Fock space is defined as
$$\mathcal{F}_s(\mathcal{H})=\bigoplus_{k=0}^\infty \overset{k}{\bigotimes}_s\mathcal{H},$$
and we can write it as
$$\mathcal{F}_s(\mathcal{H})=H_0\oplus H_1 \oplus H_2 \oplus \dots,$$
where $H_i$ means the Hilbert space of $i$ particles.
I understand the spaces with nonzero number of particles. But what is the Hilbert space of zero number of particles, $H_0$? It seems like the only state should be $\vert 0 \rangle$. Is that still a legitimate Hilbert space (that follows the axioms)?
Best Answer
The complex numbers $\mathbb{C}$ form a one-dimensional Hilbert space. The axioms of a Hilbert space are that it be a complete metric space with a metric $d(x,y)=\sqrt{\langle x-y,x-y\rangle}$ that is defined in terms of an inner product $\langle x,y\rangle$. The complex numbers are endowed with a sesquilinear inner product $\langle x,y\rangle=x^{*}y$, which generates the usual distance measure $d(x,y)=|x-y|^{2}$, under which $\mathbb{C}$ is, of course, complete.

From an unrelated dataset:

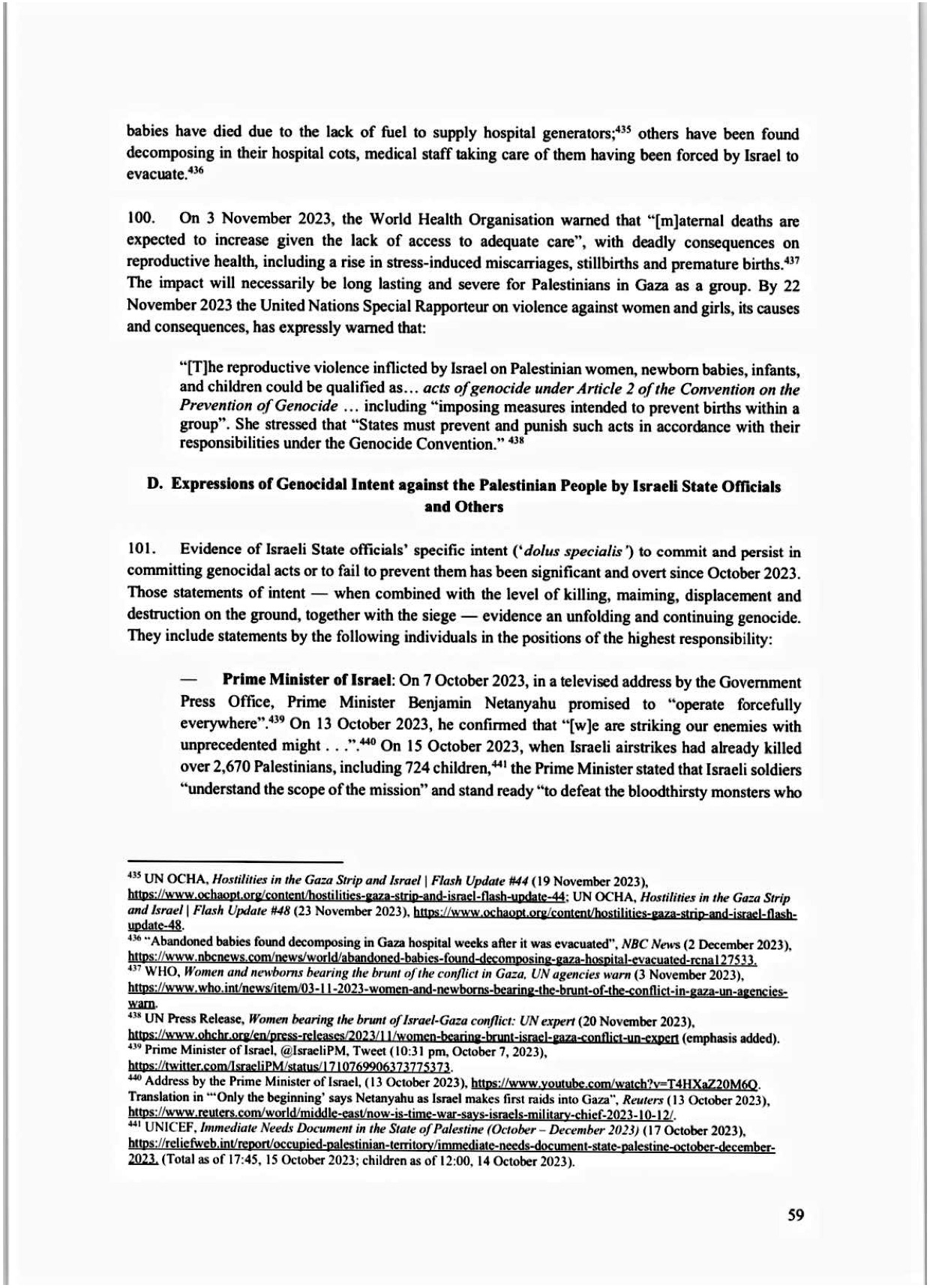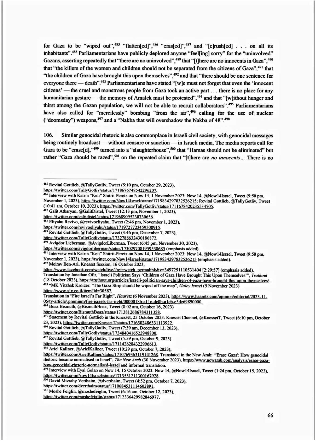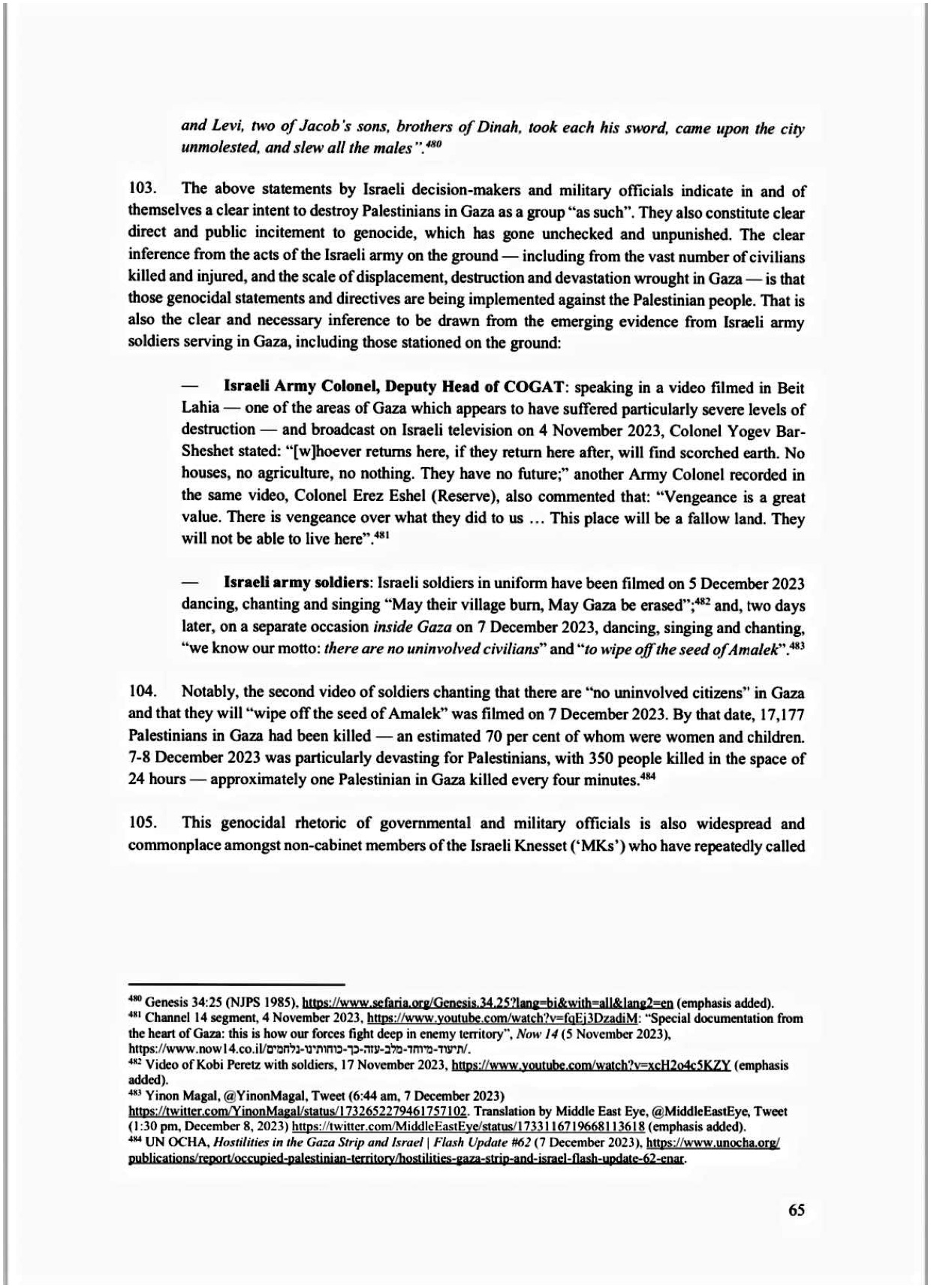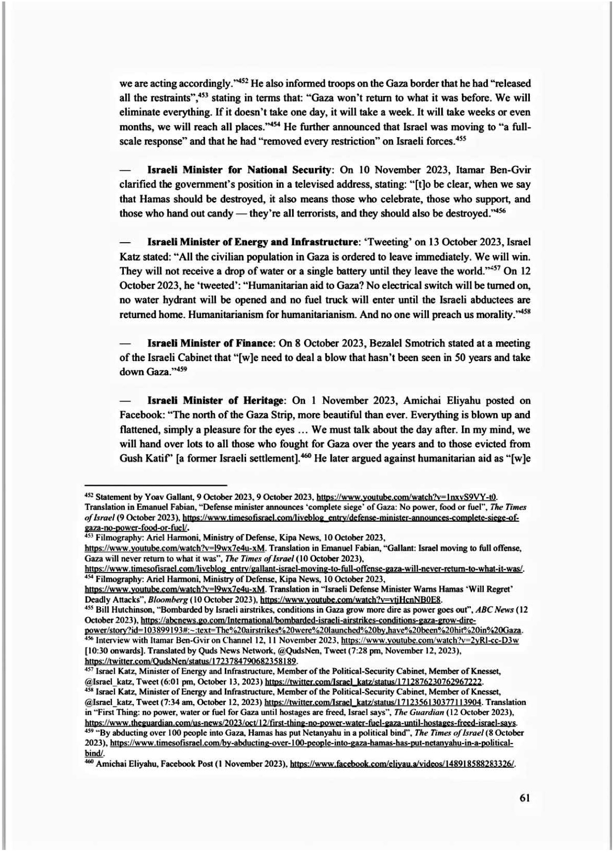 Наконец, всё это делается под лозунгами, доказывающими геноцидальный умысел: „Мы воюем с Амалеком”, „В Газе нет невинных людей”, „Дети Газы сами навлекли на себя это”, „Мы уничтожим Газу”, „Мы уничтожаем человекоподобных животных” и т.д. Всё это высказывания руководителей Израиля: от президента и премьер-министра до министров и членов Кнессета. Еще больше этого мы слышим от беснующихся израильских военных, хвастающих своими „подвигами” в многочисленных видео. Кроме того, должностные лица Израиля вслух говорят о намерении „освободить” Газу от населяющих ее палестинцев. Если всё это не геноцид, то что такое геноцид?

The one-dimensional Hilbert space $H_{0}$ with the bare vacuum $|0\rangle$ as its only basis state is just isomorphic to $\mathbb{C}$. You may be getting confused by the fact that the physical state of a quantum-mechanical system is not specified by an element of a Hilbert space, but by a ray in Hilbert space (or, equivalently, an element of a projective Hilbert space). The norm of a state $|0\rangle$, versus say $2|0\rangle$, is not physically meaningful. They both lie along the same ray (as does every element of $H_{0}$), but they are different elements of the Hilbert space.